Three-dimensional analytical solutions for coupled thermoelectroelastic response of multilayered cylindrical shells

Abstract

Analytical three-dimensional solutions are presented for the coupled thermoelectroelastic response of multilayered hybrid composite cylindrical shells. The shells consist of a combination of fiber-reinforced cross-ply and thermoelectroelastic layers. Both the thermoelectroelastic static response and its sensitivity coefficients are evaluated. The sensitivity coefficients measure the sensitivity of the response to variations in the different mechanical, thermal, and piezoelectric material properties of the shells.
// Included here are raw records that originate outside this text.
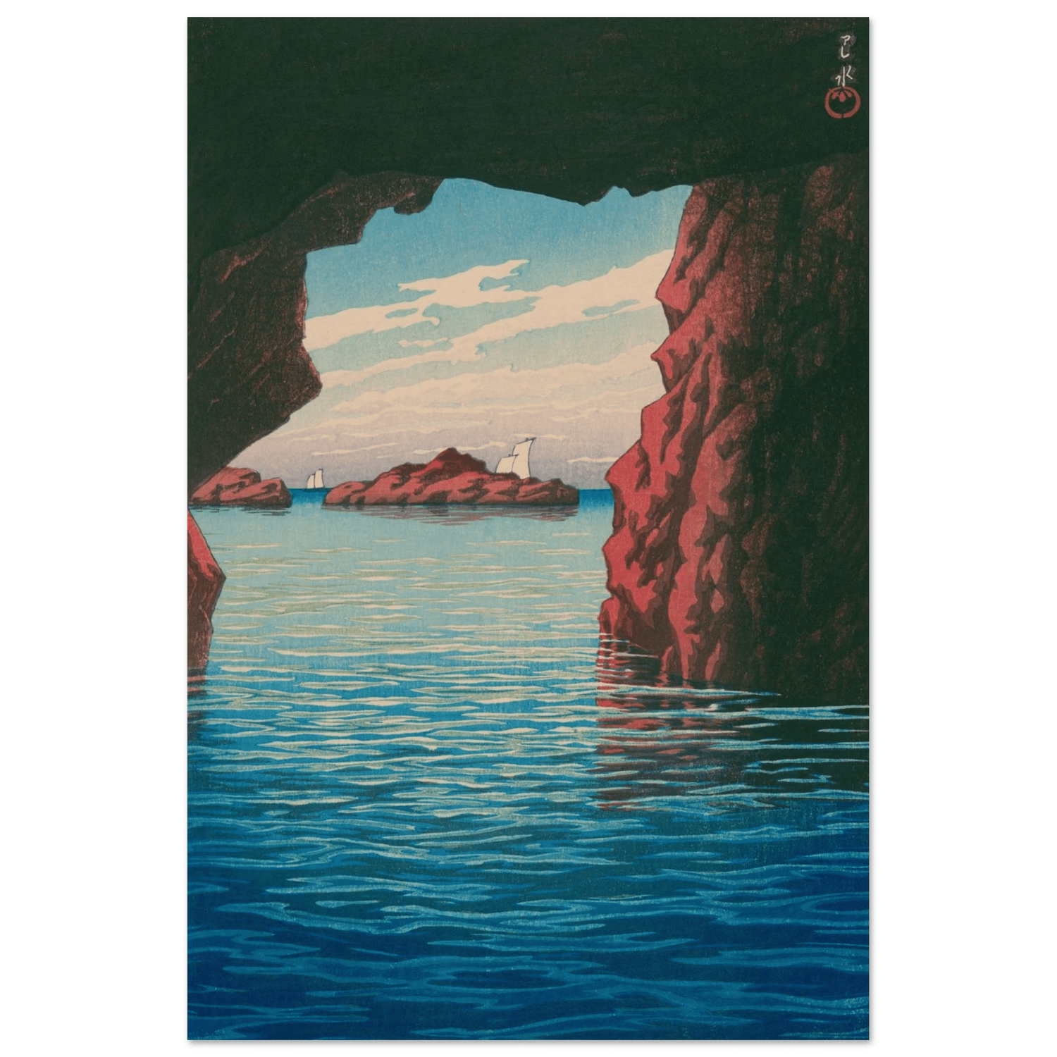 Durch den Schatten einer Meeresgrotte öffnet sich der Blick auf das glitzernde Blau der See, wo weiße Segel zwischen rötlichen Felsen treiben. Das Licht des Himmels bricht sich in sanften Schichten von Türkis und Purpur – eine Komposition von seltener Klarheit und Ruhe. Kawase Hasui fängt hier die Stille eines Sommermorgens ein, in dem Meer, Stein und Licht in vollkommener Harmonie verschmelzen.
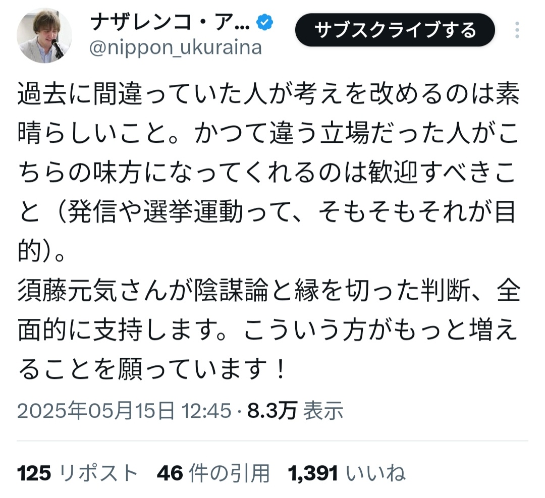 国民民主党特別党員・ナザレンコさん「須藤元気さんが陰謀論と縁を切った判断、全面的に支持します」
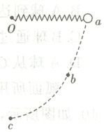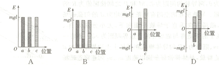 6. 如图,弹簧左端固定于$O$点,右端连接质量为$m$的小球(小球可看作质点,弹簧为原长$l$),将小球和弹簧从水平静止状态释放。弹簧始终在弹性限度内,不计一切阻力,以$a$点所在平面为参考面。图中表示重力势能,表示弹性势能,表示动能。下列四个选项中关于小球从$a$运动到$c$过程中,$a$、$b$、$c$三点机械能情况的描述可能正确的是

A linear constitutive model is used, and the material properties are assumed to be independent of the temperature and the electric field. A mixed formulation is used with the fundamental unknowns consisting of the three transverse stress components ; the three displacement components; the transverse component of the electric displacement field ; the electric potential ; the transverse heat-flux component ; and the temperature change. Each of the fundamental unknowns is expressed in terms of a double Fourier series in the surface coordinates. A state-space approach is used to generate the static response and to evaluate the sensitivity coefficients. The response and sensitivity coefficients of the shell are obtained by using a modified Frobenius method and a sublayer method. Numerical results are presented showing the effects of variation in the geometric parameters of the shells on the different response quantities and their sensitivity coefficients.